Stored routines, views & triggers

The database objects beyond tables: views and materialized views, stored procedures/functions, and triggers — plus UPSERT, full-text search, and JSON/JSONB. Logic and shapes that live in the database itself.

Tables hold your data, but a database can hold logic and derived shapes too — saved queries (views), reusable code (routines), and code that fires on writes (triggers) — plus a few high-leverage features (UPSERT, full-text search, JSON) that save you from reaching for another tool. Knowing these by name means you recognize them in a legacy schema and reach for them when they’re the right call.

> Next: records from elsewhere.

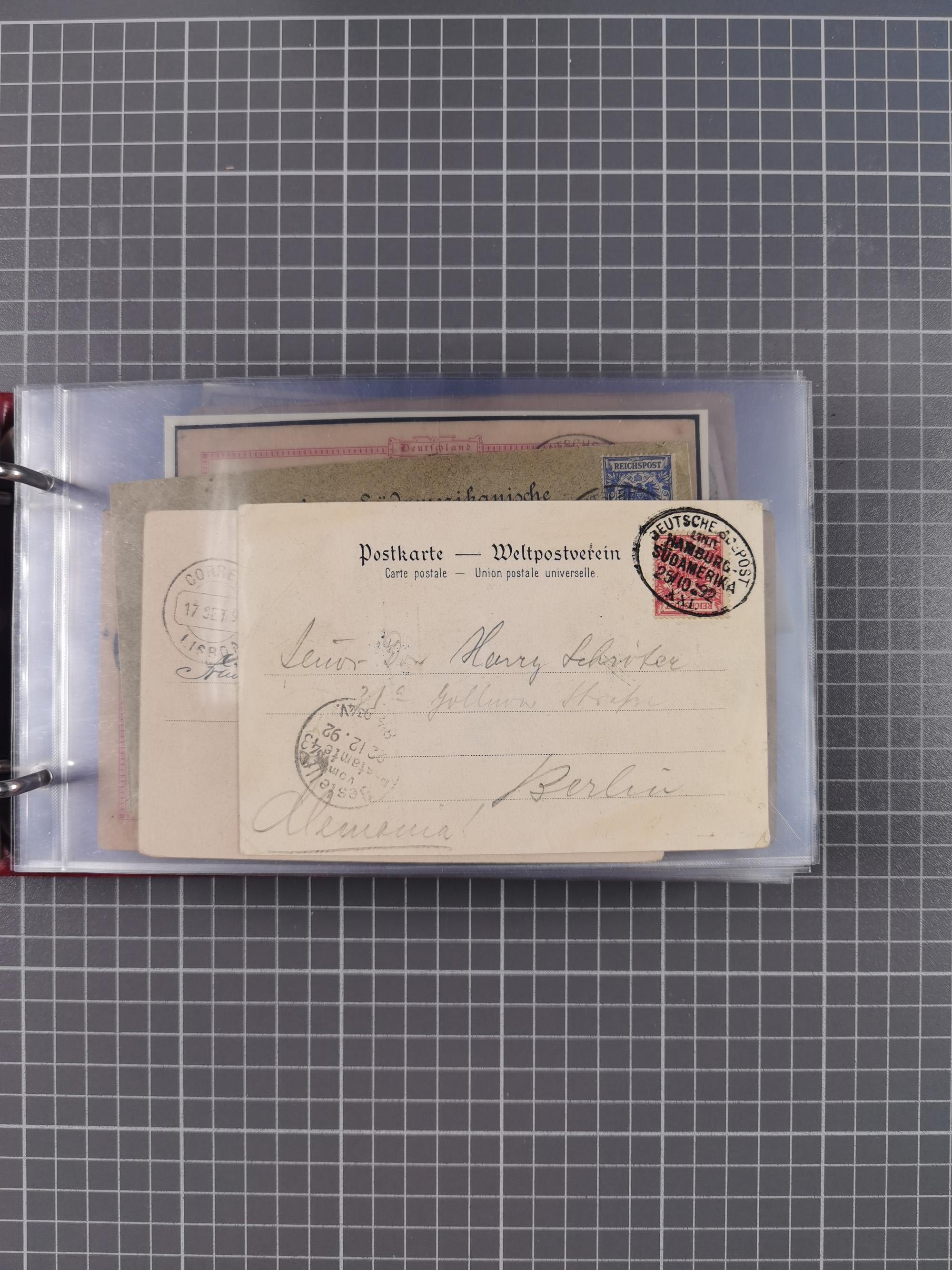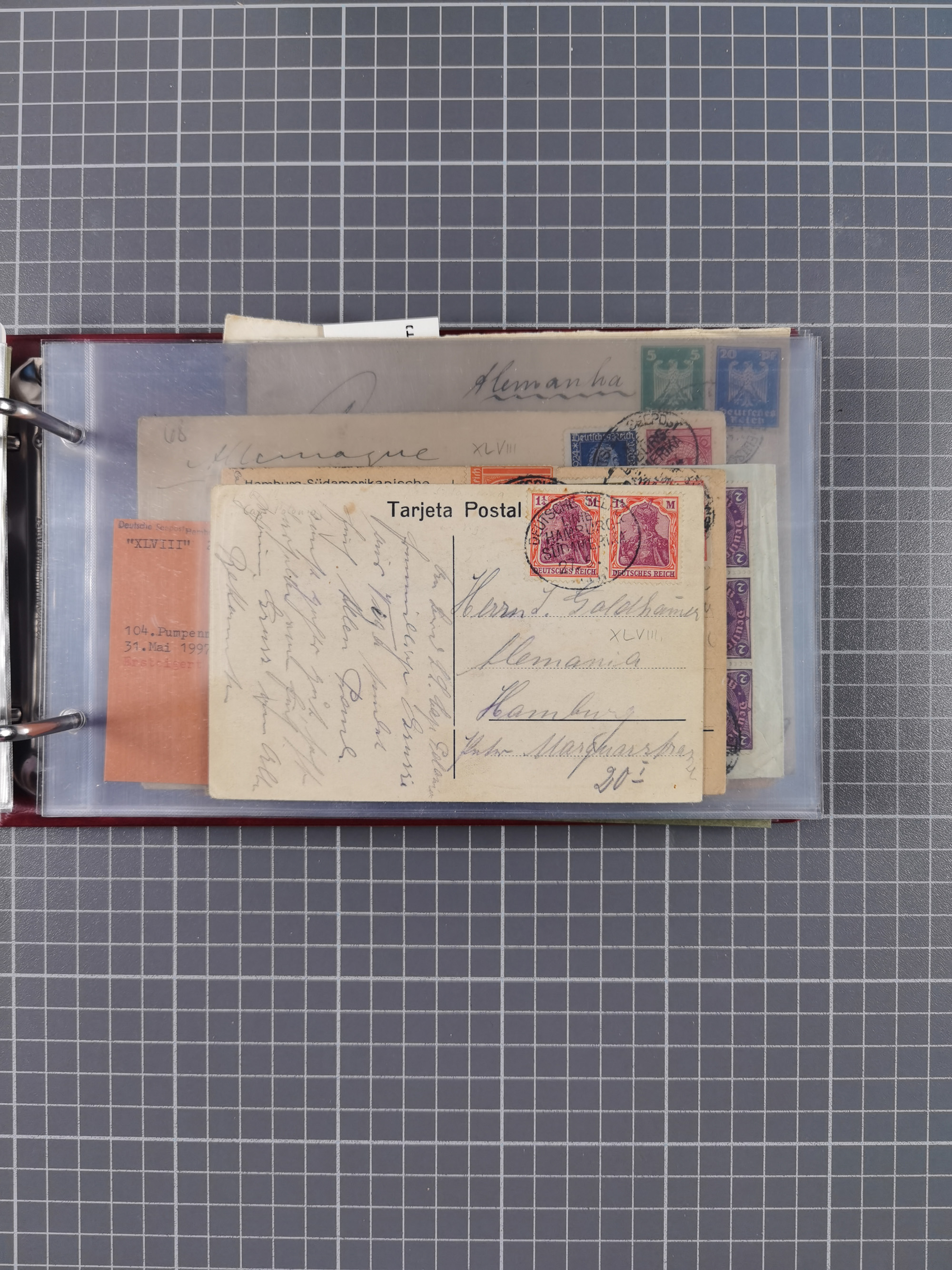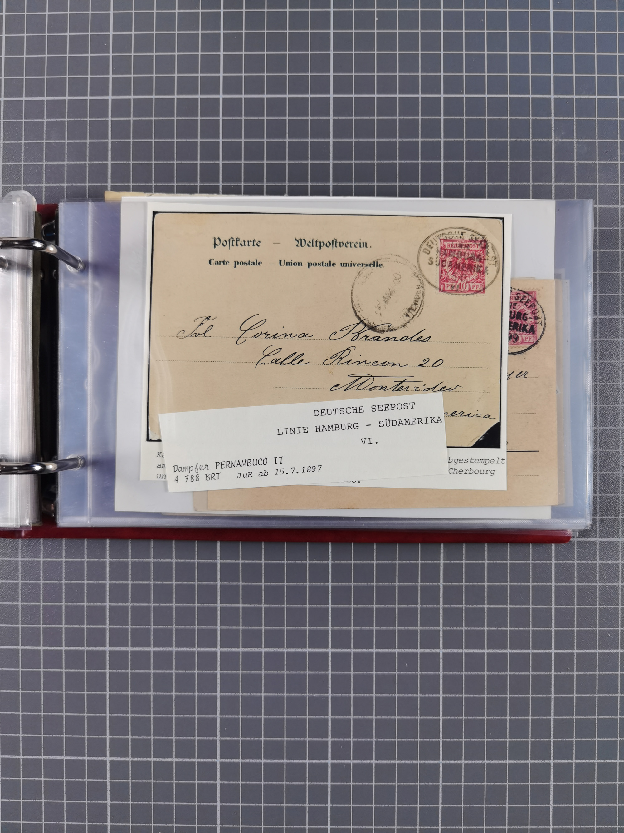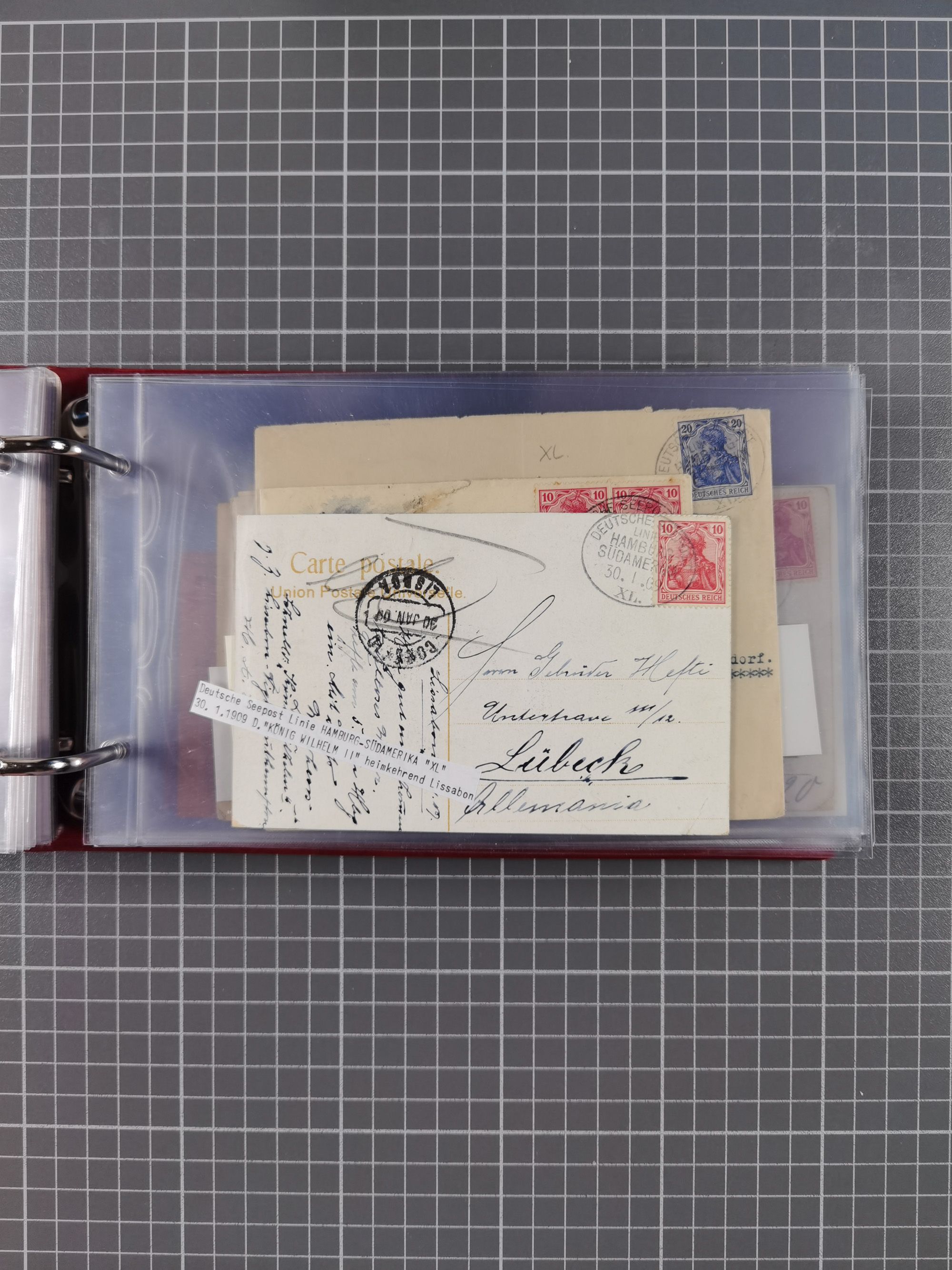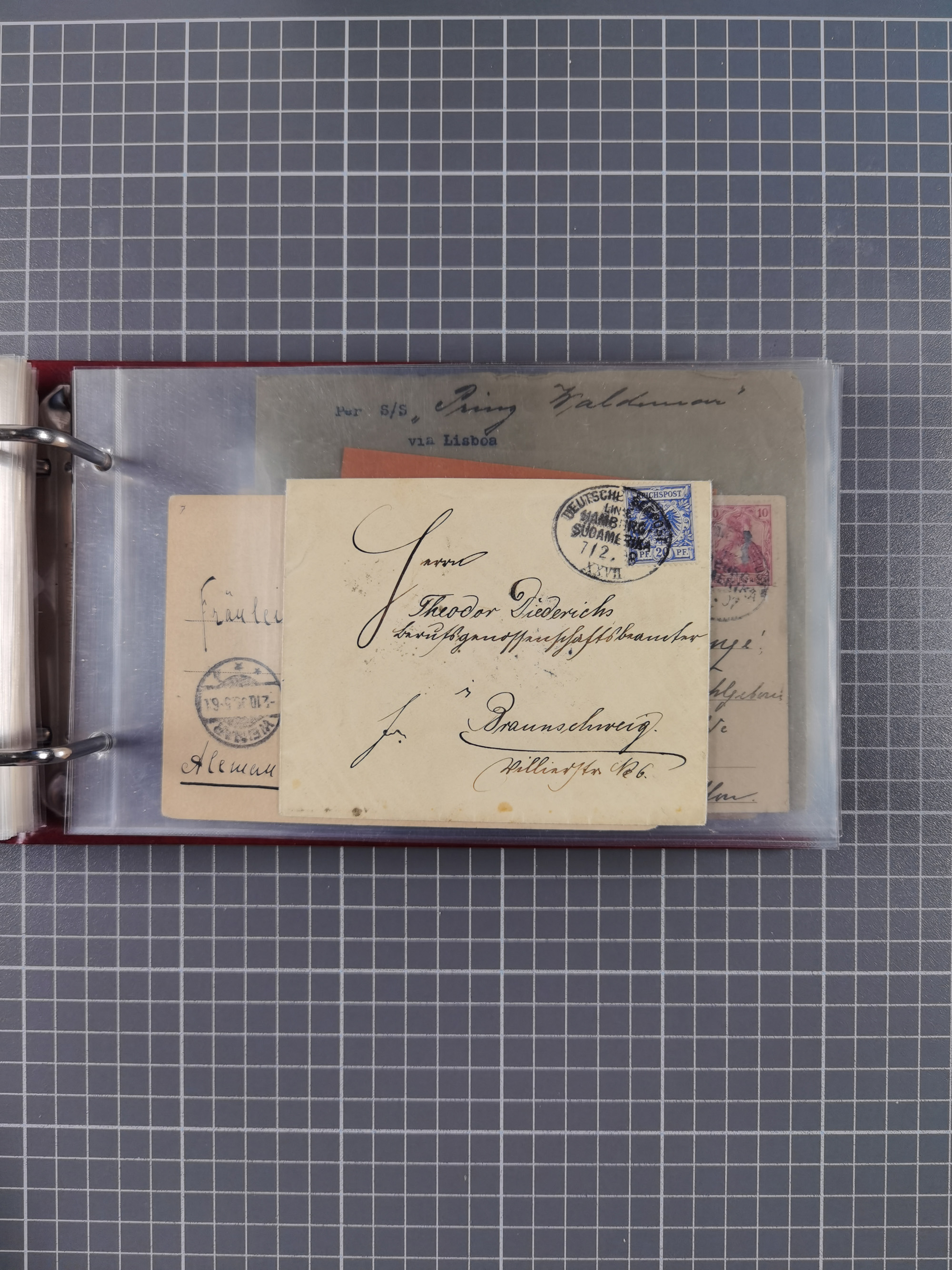 1891/1935 (ca.), umfangreiche Sammlung “DSP LINIE HAMBURG-SÜDAMERIKA I-LV” mit ca. 470 Briefen, Karten und GSK sowie wenigen Briefstücken mit Schwerpunkt vor 1914, dabei einige Belege mit “Paquebot”-Stempeln, Destinationen (u.a. 1895 nach Konstantinopel und GSK 1898 via Rottedam nach Jaluit), Bedarfspost aus der Infla-Zeit, Ozean-Brief 1913 und R-Ozean-Brief 1926. Die Erhaltung ist zum Teil etwas fehlerhaft, dafür fast nur klare Stempel, meist Bedarfspost, ex Steinmeyer
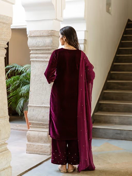 VOur Roya Set Is Dipped In A Vintage Glam Neck With Antique-Inspired Zardozi, Moti Daba And Cutwork Embellishments.This Is A 3 Piece Set. Kurta -A Hand-Dyed Velvet Kurta Is Embellished With Zardozi And Moti Daba Work Pant - It Is Paired With Matching Velvet Silk PantsDupatta - A Matching Organza Dupatta With Cut Work Embroidery Completes The Look.
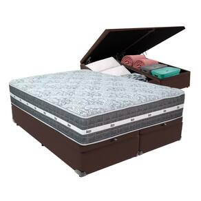 Base Box com Baú: Marca: KazaMix; Cor do Baú: Bege; Material dos pés: Madeira; Estrutura: Madeira; Abertura: Pistão a gás; Peso máximo recomendado: até 150kg de cada lado; Altura do Baú: 32cm; Altura dos pés: 5cm; Altura total: 37cm; Garantia: 03 meses; Selo Ecologicamente Correto.
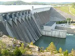 Beaver Dam was authorized by the Flood Control Act of 1944 and other following acts. The United States Army Corps of Engineers constructed Beaver Dam during the years 1960–1966, impounding a major part of the White River and creating Beaver Lake and flooding much of the valley including the remains of the historic resort town Monte Ne. The dam is located 9 miles (14 km) northwest of Eureka Springs, Arkansas. Construction of the powerhouse and switch yard began in 1963. Power generation began in May 1965 and continues today. The initial cost of the project was $60 million. The lake is approximately 50 miles (80 km) in length and covers approximately 31,700 acres (128 km2), with about 483 miles (777 km) of shoreline and an elevation of 1,120 feet (341 m).[2][1] This is also the first dam in the tailwater chain to provide cold water fishery along the White River.[3]

Views and materialized views

A view is a query with a name. It stores no data; every time you select from it, the database runs the underlying query against the live tables. It’s the cleanest way to encapsulate a gnarly join or restrict which columns a role can see.

A view that hides a join
-- define once
CREATE VIEW customer_order_totals AS
SELECT c.id, c.name, COUNT(o.id) AS orders, COALESCE(SUM(o.total), 0) AS spent
FROM        customers c
LEFT JOIN   orders    o ON o.customer_id = c.id
GROUP BY    c.id, c.name;

-- query it like any table
SELECT name, spent FROM customer_order_totals WHERE spent > 1000 ORDER BY spent DESC;

The view doesn’t store anything — that second query re-runs the join every time. That’s perfect when the data must be live, but expensive if the aggregation is heavy and queried constantly. That’s where a materialized view earns its keep.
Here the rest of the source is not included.